Source records
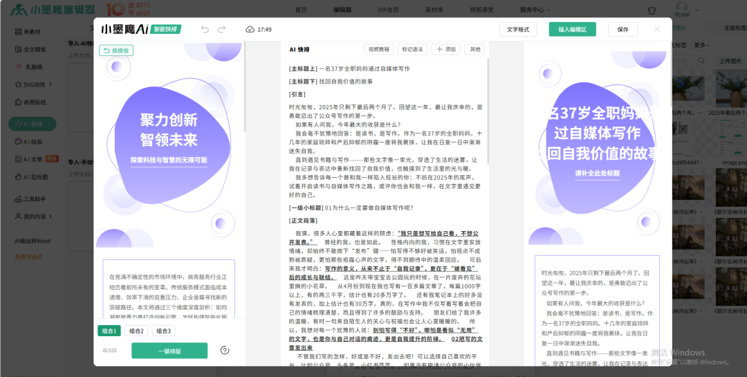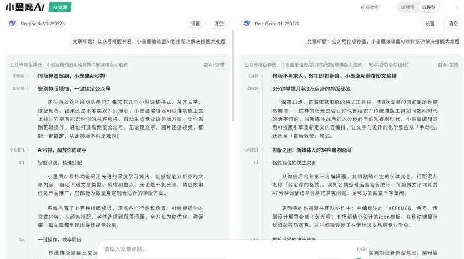 比如:我以“公众号排版神器,小墨鹰编辑器AI秒排帮你解决排版大难题”为例,很快就可以生成以下两篇文章。
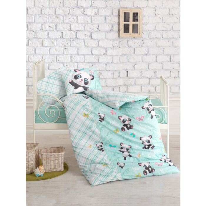 Het charmante ontwerp van ons dekbedovertrek, in een frisse combinatie van mint en wit, zorgt voor een vleugje eigenzinnigheid in elke babykamer. Geschikt voor zowel jongens als meisjes, biedt dit ontwerp veelzijdigheid en stijl aan de slaapkamer van uw kleintje.
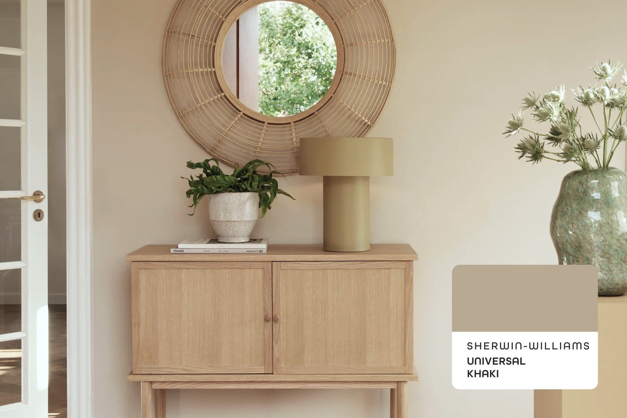 Universal Khaki bol pre rok 2026 zvolený výrobcom farieb Sherwin-Williams ako farba roka vďaka svojej praktickosti, univerzálnosti a trvalej hodnote. Je neutrálny, napriek tomu teplý - poskytuje harmonický, stály základ pre interiéry, ktorý sa ľahko kombinuje a vydrží v čase. Je to farba, ktorá rešpektuje jednoduchosť, prírodné materiály a príjemné bývanie.
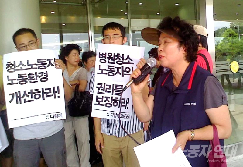 고려대 병원 청소 노동자들의 노동환경 개선을 요구하는 노동자-학생 공동 기자회견
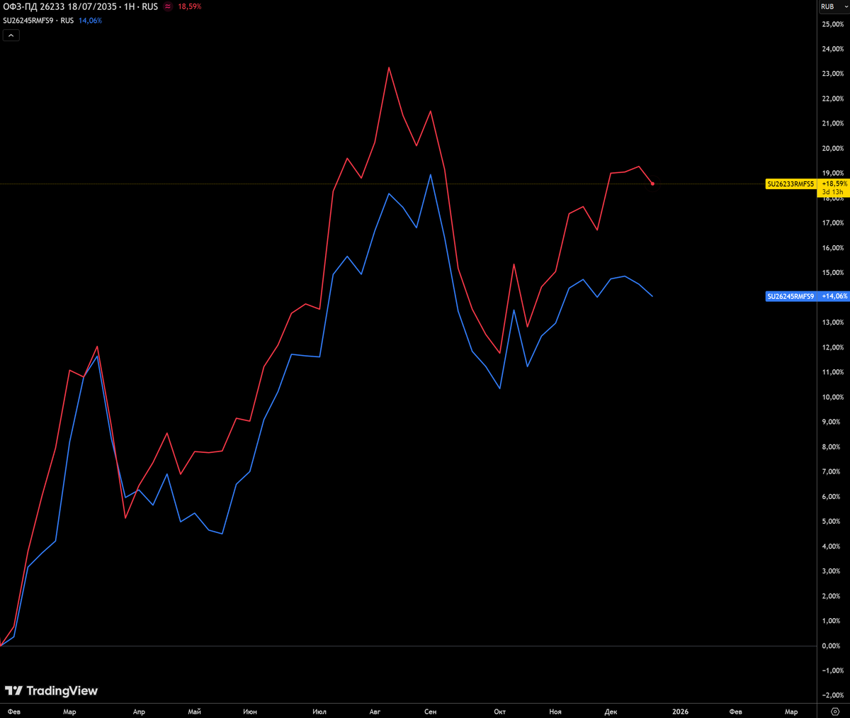 Тут что интересное всплыло. Тоже не все об этом задумываются. На картинке цены двух облигационных выпусков: ОФЗ 26245 (синий) и ОФЗ 26233 (красный). Ось Х процентная. Расчёт изменений идет с январского минимума. И вот 26245 прибавил с того момент 18,96%. А 26233 целых 23,27%. Откуда такая разница и почему мы сравниваем эти выпуски?
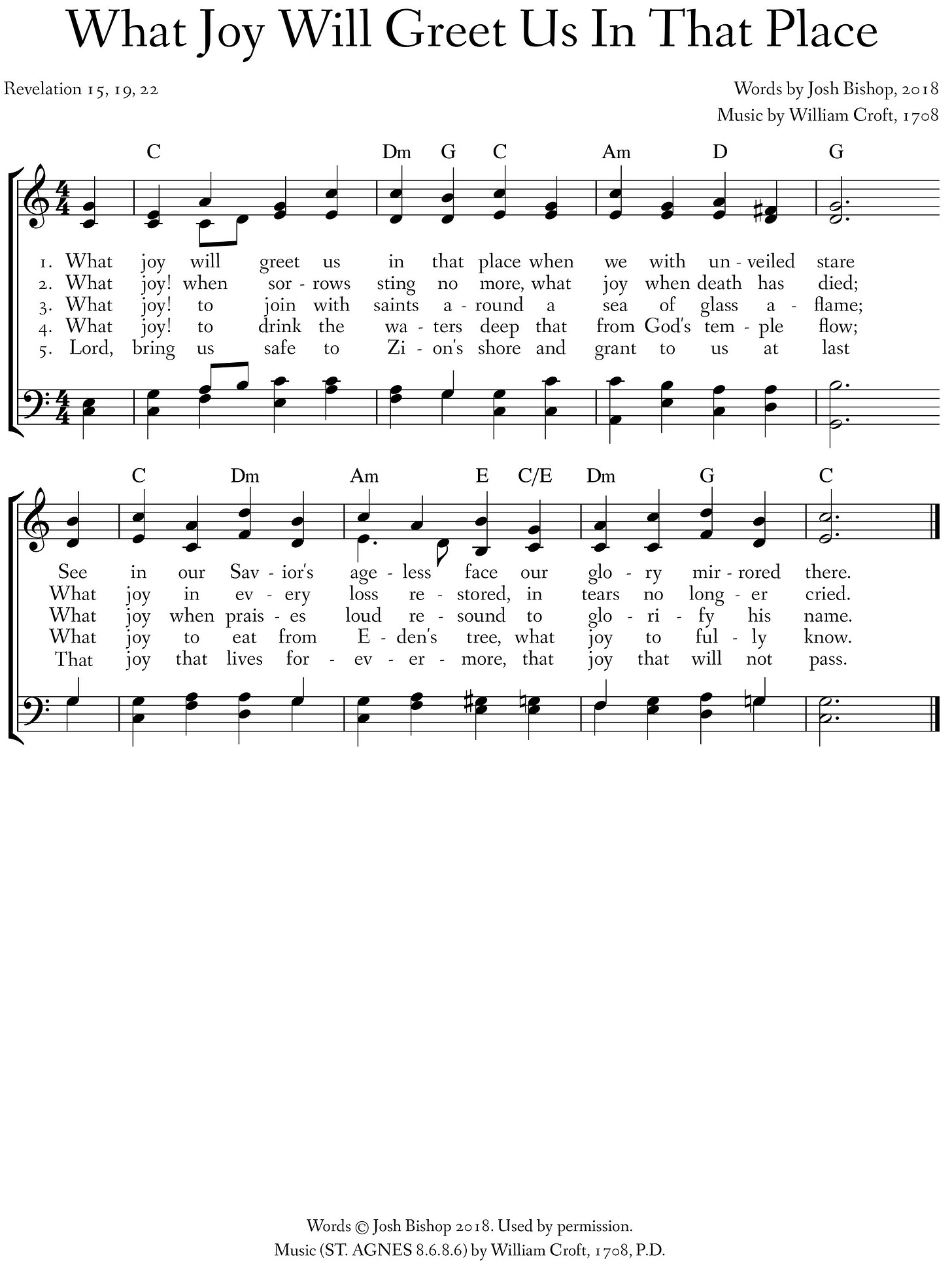 This is great. I can’t help, though, but hear it in my head to the Kingsfold tune (I heard the voice of Jesus say) instead of St. Agnes.

[WHAT IS EXPECTED]: Please return, without any change, the lines from the line containing "고려대 병원 청소 노동자들의 노동환경 개선을 요구하는 노동자-학생 공동 기자회견" through the last line of the entries, dropping the pictures.

[RESPONSE BELOW]:
 고려대 병원 청소 노동자들의 노동환경 개선을 요구하는 노동자-학생 공동 기자회견
 Тут что интересное всплыло. Тоже не все об этом задумываются. На картинке цены двух облигационных выпусков: ОФЗ 26245 (синий) и ОФЗ 26233 (красный). Ось Х процентная. Расчёт изменений идет с январского минимума. И вот 26245 прибавил с того момент 18,96%. А 26233 целых 23,27%. Откуда такая разница и почему мы сравниваем эти выпуски?
 This is great. I can’t help, though, but hear it in my head to the Kingsfold tune (I heard the voice of Jesus say) instead of St. Agnes.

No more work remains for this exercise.